Numerical investigation on a 300 Hz pulse tube cryocooler driven by a three-stage traveling-wave thermoacoustic heat engine

Abstract

A 300Hz pulse tube cryocooler (PTC) driven by a three-stage traveling-wave thermoacoustic heat engine (TSTHE) has been proposed and studied in this paper. In the configuration, three identical thermoacoustic heat engine units are evenly incorporated in a closed traveling-wave loop, in which three pulse tube cryocoolers are connected to the branch of each thermoacoustic heat engine. Compared with the conventional thermoacoustic heat engine which involves a traveling-wave loop and a long resonator, it has advantages of compact size and potentially high thermal efficiency.

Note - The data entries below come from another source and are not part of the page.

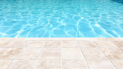 Bright blue pool water with tiled pool deck and sparkling sunlight reflections
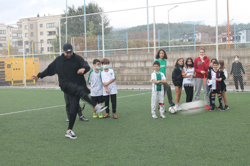Program futbolcudan alınan imza ile sona erdi, Öğrenciler yanlarında getirdikleri formaları, topları, anı defterlerini imzalattılar.
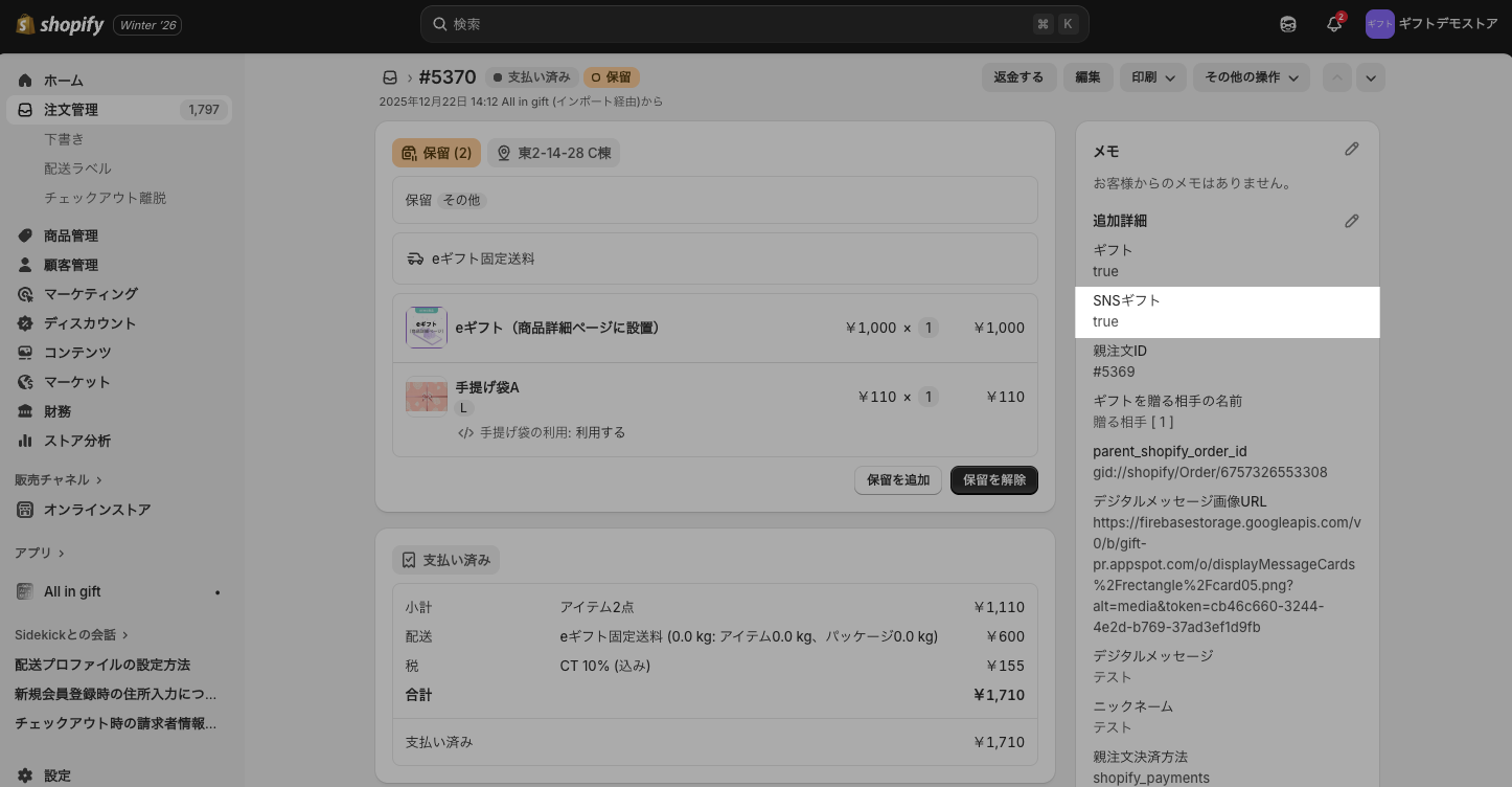 key:SNSギフトのvalueを確認true→eギフト注文として取り込まれていますfalse→All in gift ウィジェットを経由していない通常注文として処理されています

A TSTHE–PTC system was designed, optimized and studied in detail based on the thermoacoustic theory. Firstly, numerical simulation was conducted to design the system thus the optimum structure parameters of the system were obtained. With the operating condition of 4MPa mean pressure and high working frequency, a cooling power of 7.75W at 77K and an overall relative Carnot efficiency of 11.78% were achieved. In order to better understand the energy conversion characteristics of the system, distributions of key parameters such as acoustic work, phase difference, dynamic pressure, volume flow rate and exergy loss were presented and discussed. Then, the coupling mechanism of the system was investigated. In addition, influence of coupling position on the system performance was further studied.